Bennet, Ag. C.J.
1. This is a Letters Patent appeal by Babu Ram, son of Jhau Lal, decree-holder, in a suit. The suit was one for dissolution of partnership brought by Gopal Sahai, the respondent before us, and one Sham Lal against Jhau Lal, the father of the appellant before us, and others. On 12th December 1927 Jhau Lal was given a final decree for Rs. 353-4-0 to be paid by Gopal Sahai alone on condition that the necessary court-fees were deposited. Gopal Sahai had a decree for Eupees 185-7-0 against Jhau Lal and others. In 1931 Gopal Sahai executed his decree against Jhau Lal alone. Jhau Lal objected that his decree against Gopal Sahai was for a larger amount and that there should be a set-off. Gopal Sahai replied that as Jhau Lal had not paid the court-fee he was not entitled to execute his decree. Thereupon Jhau Lal tendered the court-fee on his decree on 2nd April 1932 and the Court accepted it. Gopal Sahai then pleaded that Jhau Lal's decree was barred by time. The execution Court of first instance disallowed the objection. The lower Appellate Court held that the decree of Jhau Lal was barred by time, and the late Hon'ble Chief Justice of this Court Sir Shah Sulai-man has upheld that order. The question before us is, was the execution of the decree of Jhau Lal for Rs. 353.4.0 barred by time.
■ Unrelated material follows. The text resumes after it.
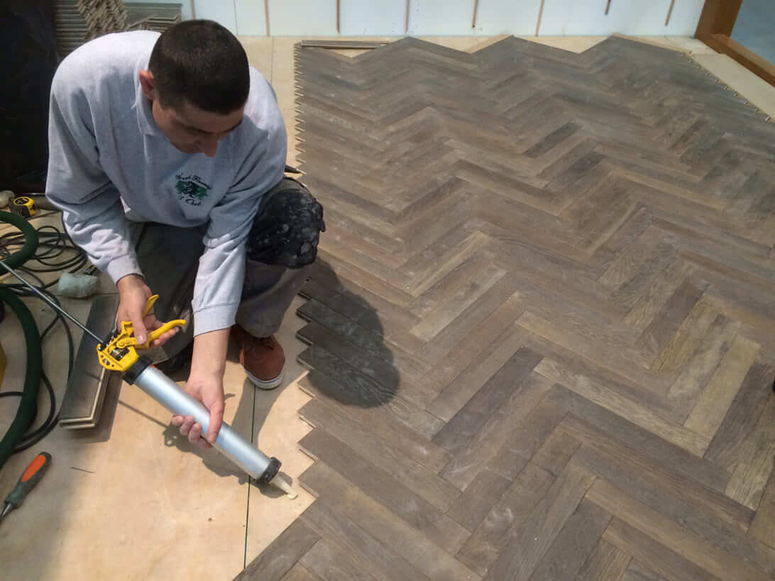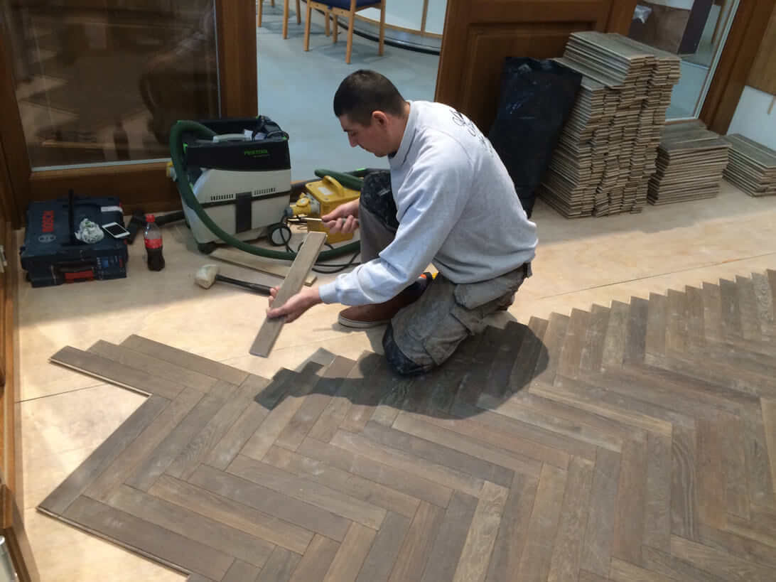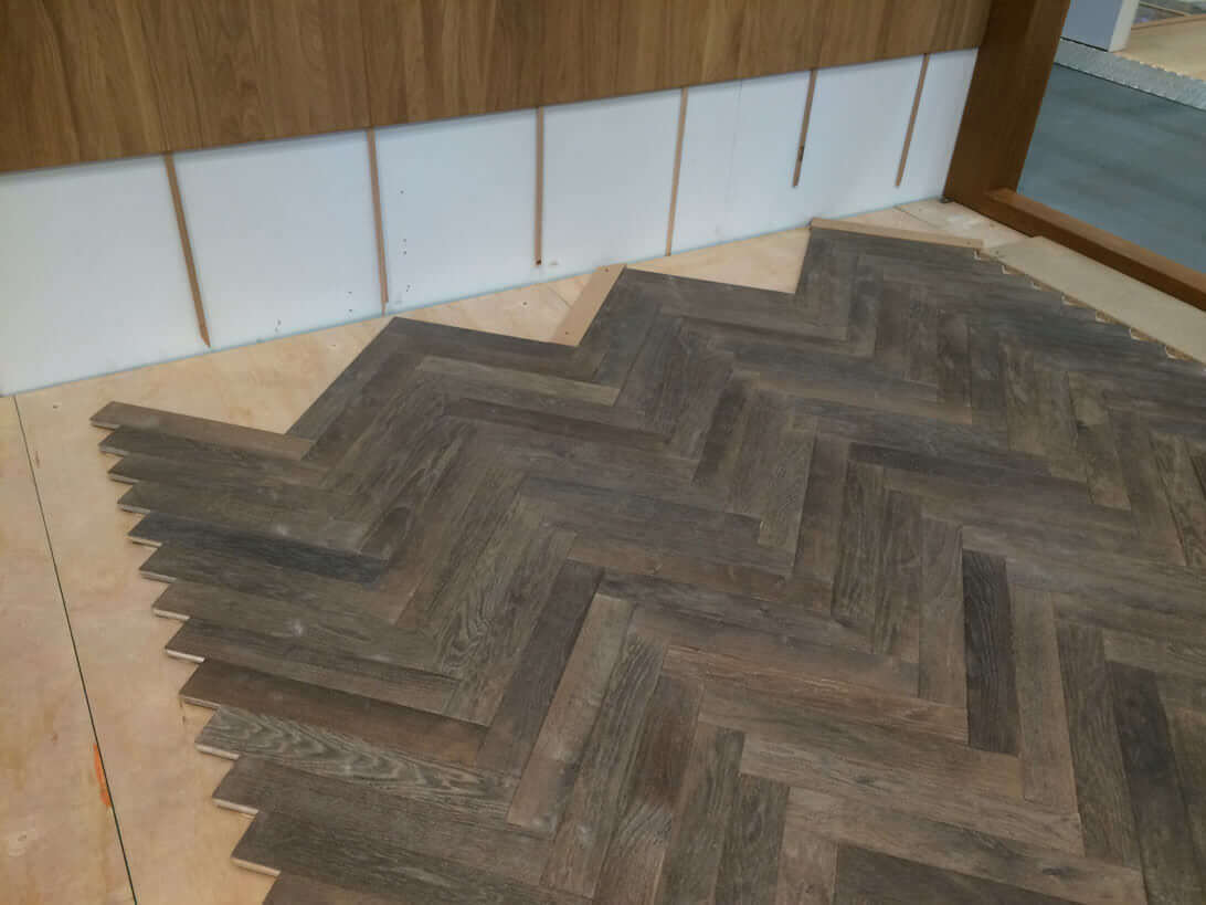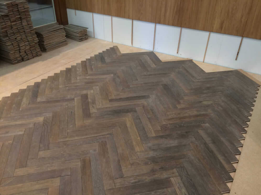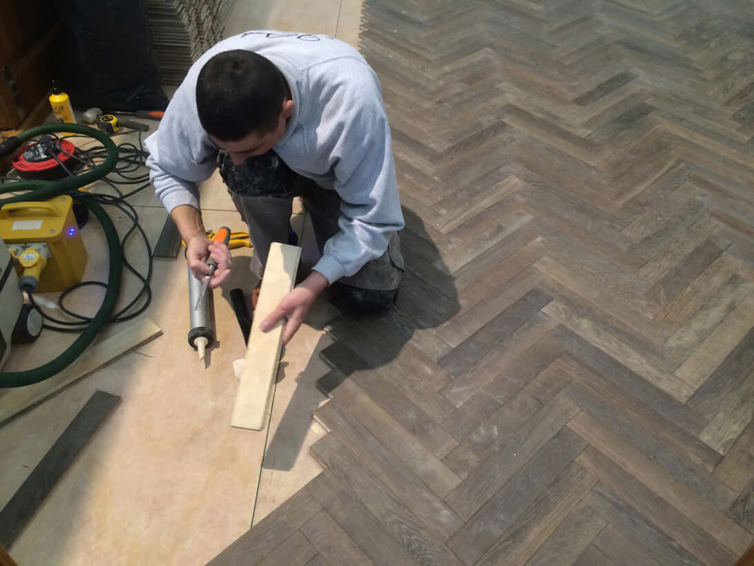 Our showroom at the National Self Build & Renovation centre is nearing completion and we are especially happy with the reclaimed Parquet floor, pictured here being installed. It’s a new floor but the subtle distressing makes it look just like reclaimed parquet flooring of triple the price. We’ll be sure to put his one into regular production as soon as possible.

2. Now learned Counsel and the learned Chief Justice had relied for the view that the decree was barred by time on certain rulings, one of which is reported in Sri Narain Tewari v. Brij Narain Rai : AIR1931All326 . This was a ruling of a Bench of which one of us was a member and in that case there was a decree under which the decree-holder was granted a right to recover possession of property in the hands of the defendants contingent on the decree-holder paying a certain sum of money to the defendants, but no date was fixed for the payment. It was held that on the passing of that decree Article 181, Limitation Act, applied, and the decree-holder had a right to make the payment to the judgment-debtor on the passing of the decree, and therefore limitation for his right to apply began to run from the time when the right to apply accrued, that is, the passing of the decree, and he was barred by three years' limitation as he did not make the payment within three years from the date of the decree. That, application made more than three years from the date of the decree was therefore held to be barred under Article 181. Now it will be noted that that was payment to be made by one party to the other. The condition in the present case is otherwise as the condition in the present case is the payment of court-fee. Now for court-fee there is a Section in the Civil Procedure Code, Section 149, which provides as follows:
Where the whole or any part of any fee prescribed for any document by the law for the time being in force relating to court-fees has not been paid, the Court may, in its discretion, at any stage, allow the person, by whom such fee is payable, to pay the whole or part, as the case may be, of such court-fee; and upon such payment the document, in respect of which such fee is payable, shall have the same force and effect as if such fee had been paid in the first instance.
3. This Section gives the Court discretion at any stage to allow the person by whom a court-fee is payable to pay the court-fee. The Court of original jurisdiction has in the present case allowed the payment of the court-fee on 2nd April 1932 on the application of Jhau Lal. The question is, was the Court entitled to accept that payment or not. Section 149, Civil P.C., in our opinion gives the Court an absolute discretion in this matter. Learned Counsel argued that the application to pay the court-fee could not be made later than three years after the date of the decree because such an application would be barred under Article 182 of Limitation Act. But, in our view, the decree was not complete until the payment of the court-fee, and until that date there was no decree which could be executed. In our view also the proceeding had not become final in the Court of first instance until the Court either accepted the court-fee from Jhau Lal or had held that his claim was dismissed on account of his failing to pay the court-fee. We may also refer to the provisions in Section 11, Court-fees Act, which deals, among other matters, with the payment of court-fee in a case like the present which is a suit for an account. That Section provides:
The decree shall not be executed until the difference between the fee actually paid and the fee which would have been payable had the suit comprised the whole of the profits or the amount so decreed shall have been paid to the proper officer.
4. This shows that until the payment is made there is no decree capable of execution. In our view until there is a decree capable of execution it cannot be said that limitation has begun to run under Article 182, Limitation Act. For these reasons we allow this Letters Patent appeal with costs throughout and we restore the order of the execution Court of first instance.